Législatives en Irlande : le Sinn Féin peut-il gouverner ?
Les Irlandais se rendent aux urnes samedi pour élire un nouveau Parlement. Dans les sondages, le parti nationaliste de gauche Sinn Féin est en tête. En raison des liens historiques entre la formation et l'organisation paramilitaire IRA, le parti fait l'objet de controverses. Les éditorialistes se penchent sur une possible entrée du parti au gouvernement et sur sa popularité auprès des électeurs.
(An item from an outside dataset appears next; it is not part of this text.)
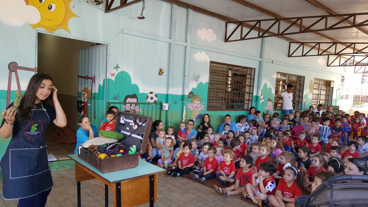 No dia 10, a contação de histórias aconteceu na Escola de Educação Infantil Pequeno Paraíso e no dia 23 na Escola de Educação Infantil Vaga-Lume. Nesses dois dias de atividades foram atendidas cerca de 400 crianças.

Une menace pour la démocratie
Il faut à tout prix empêcher qu'un parti comme le Sinn Féin entre au gouvernement, met en garde The Irish Independent :
«Les milices constituent un affront à la démocratie. Depuis que le groupe paramilitaire basque ETA a annoncé sa dissolution, le Sinn Féin est l'unique parti politique parmi les Etats membres de l'UE à compter sur une 'armée privée'. ... Donner à une formation comme le Sinn Féin un rôle au gouvernement n'améliorerait pas le tissu démocratique de cet Etat ; au contraire, cela risquerait de le défaire. Tout citoyen tenté de voter pour le Sinn Féin samedi doit en être conscient. De même que les cadres d'autres partis tentés de former une coalition avec lui.»
Le patriotisme de gauche enthousiasme la jeunesse
The Guardian prend la défense du Sinn Féin, jugeant que le patriotisme de gauche professé par le parti aujourd'hui n'a rien à voir avec le terrorisme de l'IRA de jadis :
«L'électorat veut le changement, et il le cherche à gauche. Or le parti qui profite le plus de cette nouvelle donne, c'est le Sinn Féin. ... La cote de popularité du parti n'est pas seulement liée au fait que celui-ci se trouve au bon endroit au bon moment, bien que cela joue certainement aussi un rôle. Pour les jeunes électeurs, les liens du Sinn Féin avec l'IRA font partie du passé. Son républicanisme ne fait plus peur - il parle au contraire à une génération qui revendique et adopte une identité irlandaise moderne, marquée par un nouveau patriotisme, plus inclusif. Mary Lou McDonald est une leadeuse populaire, notamment auprès des jeunes femmes.»
Une vengeance tardive des perdants de la crise
Dans The Irish Times, la chroniqueuse Una Mullaly explique pourquoi l’électorat irlandais semble pencher à gauche aujourd'hui :
«La dualité des politiques traditionnelles de droite et de gauche ne répond plus à la même description et catégorisation qu'auparavant. Or ce que l’électorat irlandais semble revendiquer, c'est une forme particulière de changement qui s'accorde davantage avec les idées et les idéaux de la gauche qu'avec les atermoiements de centre-droit de Fine Gael et Fianna Fáil. ... Se pourrait-il que ce scrutin soit en réalité un écho de la période de récession ? Le krach économique avait été un moment charnière et dévastateur dans nos vies. Ce qui est évident aujourd'hui, c'est que de nombreuses personnes sont mécontentes de la façon dont ses effets ont été gérés - et, peut-être aussi, moralement opposées aux politiques choisies.»
Des promesses électorales coûteuses
Nombre des projets et propositions avancés dans la campagne ne sont pas viables financièrement et menacent la croissance, croit savoir Irish Examiner :
«Tous les partis s'engagent à augmenter sensiblement les dépenses publiques, ce qui est bien beau dans la mesure où les vents favorables continuent de souffler. Mais il ne faut pas oublier qu'une fois ces dépenses budgétées, il devient très difficile de rétropédaler, et dans l'hypothèse d'un fléchissement du climat économique, les contribuables font des victimes faciles. Au bout du compte, les ressources débloquées pour financer les services publics découlent de l'activité économique. Méfions-nous des politiques susceptibles de nuire à la croissance.»